Measurement of 5-HT in genetically engineered Drosophila melanogaster brain sample

For a newly developed sensor it is essential to check the practical application in complex biological environments and further validation with gold standard methods. Herein, we used genetically engineered Drosophila melanogaster brain samples to evaluate the performance of a novel sensor designed to detect 5-HT using SWV (Fig. 7A–C), and validated the results by comparing them with gold standard method (Table 1). The data presented in Table S5 (ESI) includes the analysis of accuracy percentages (%) for three spiked samples under three experimental conditions: TRH-Gal4 as the control (Fig. 7A), TRH-Gal4/UAS-TeTxLC (Fig. 7B), and TRH-Gal4/UAS-rpr (Fig. 7C).
image file: d5tb01216c-f7.tif
Fig. 7 SWV response genetically engineered Drosophila melanogaster brain samples (A) TRH-Gal4 (B) TRH-Gal4/UAS-TeTxLC (C) TRH-Gal4/UAS-rpr and the corresponding 5-HT immunostaining of Drosophila brain samples (in green): (D) TRH-Gal4 (E) TRH-Gal4/UAS-TeTxLC (F) TRH-Gal4/UAS-rpr Immunostaining against Dlg is used to anatomically identify the regions in the brain (in magenta) and the scale bar for the confocal images are 100 μM.
Table 1 Data obtained real sample analysis and comparison with gold standard (HPLC)
Sample Present method HPLC % of accuracy
TRH-Gal4 27.6 26.6 103.7
TRH-Gal4/UAS-TeTxLC 11.9 12.5 95.2
TRH-Gal4/UAS-rpr 7.59 7.44 102


In the spike sample analysis, we assessed the added amounts, found amounts, recovery percentages for each sample to evaluate the accuracy of the method (Table S5, ESI).

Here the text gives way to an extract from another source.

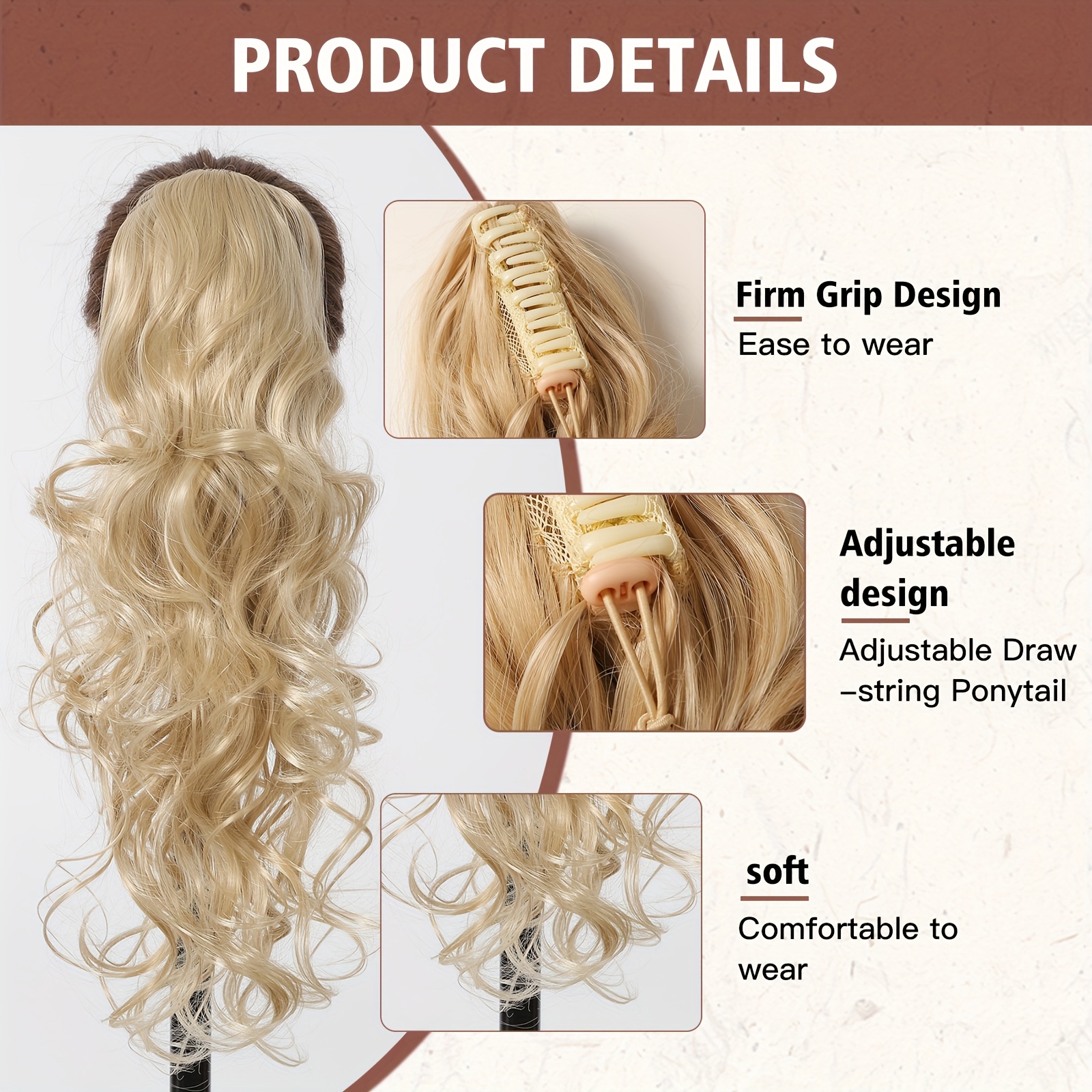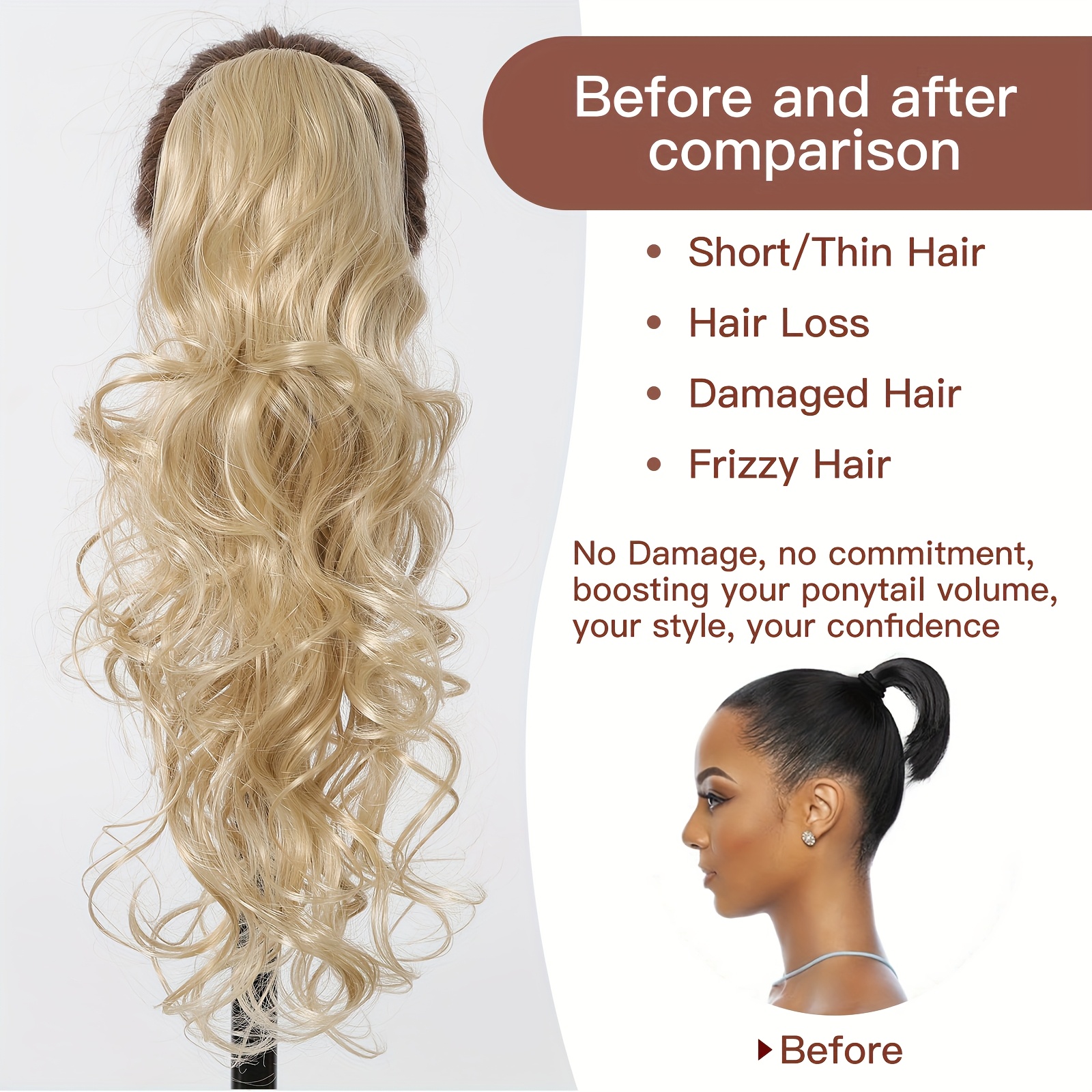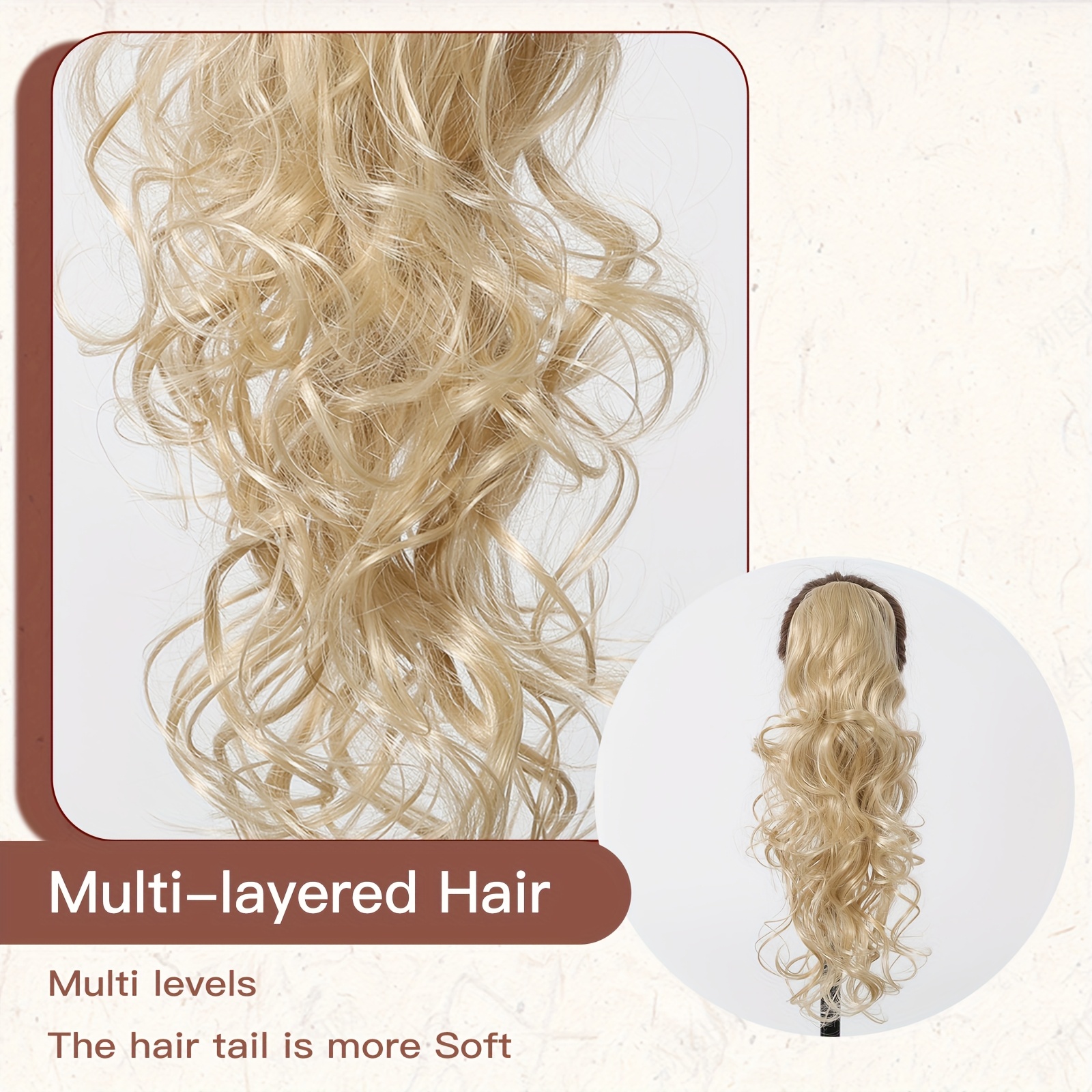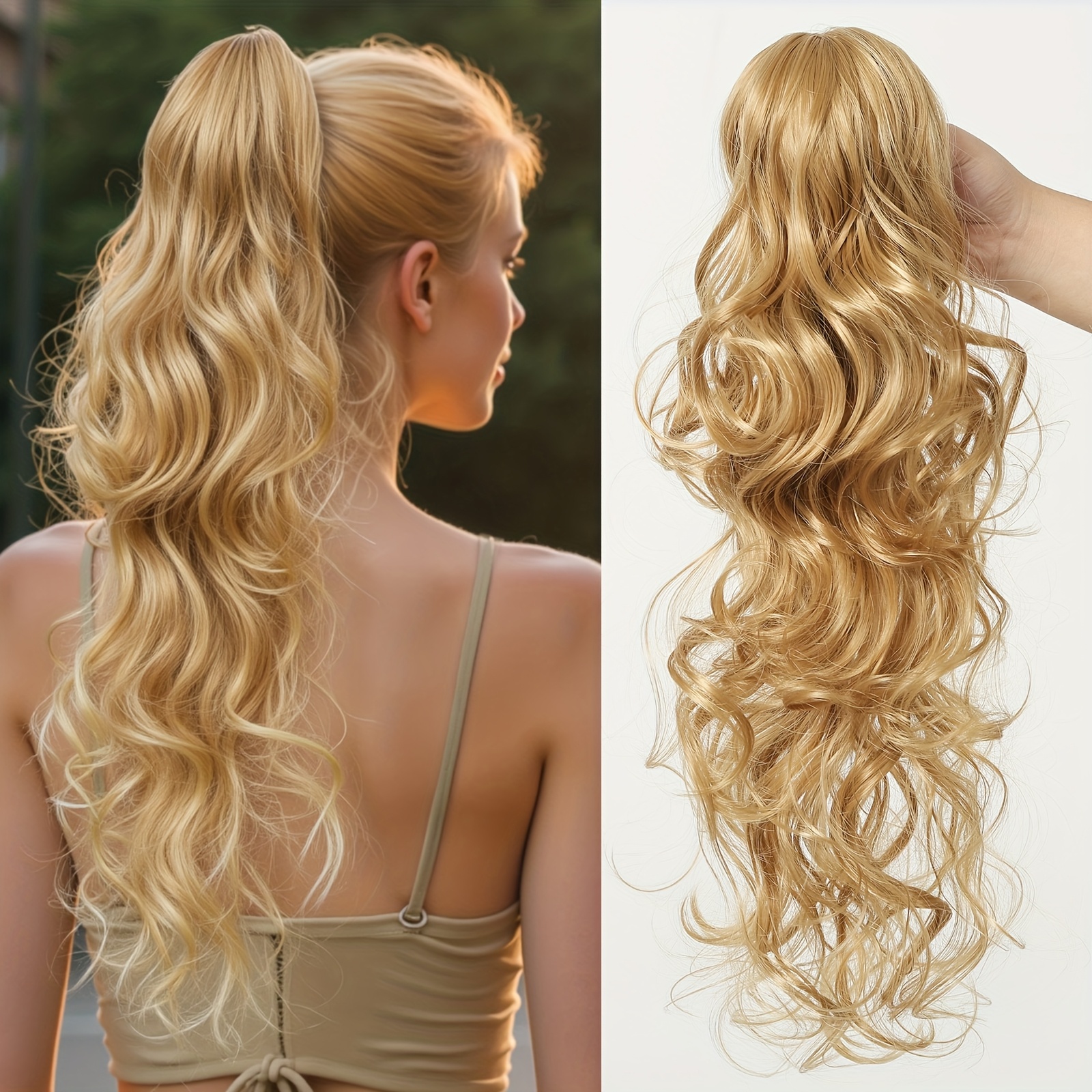 24 Inch Long Curly Ponytail Hair Extensions, Suitable for All People, High-temperature Synthetic Wigs, Women’s Wigs, Clip on Ponytails, Suitable for Daily Wear, Parties, Lightweight, Fashionable, Elegant, Easy to Wear

For the control TRH-Gal4, the recoveries were consistently close to 100%, ranging from 98.6% to 97.7%, which indicates high accuracy (Fig. 7A). The combination of high recovery and low variability underscores the reliability and repeatability of the method for this experimental group, making it well-suited for accurate quantification.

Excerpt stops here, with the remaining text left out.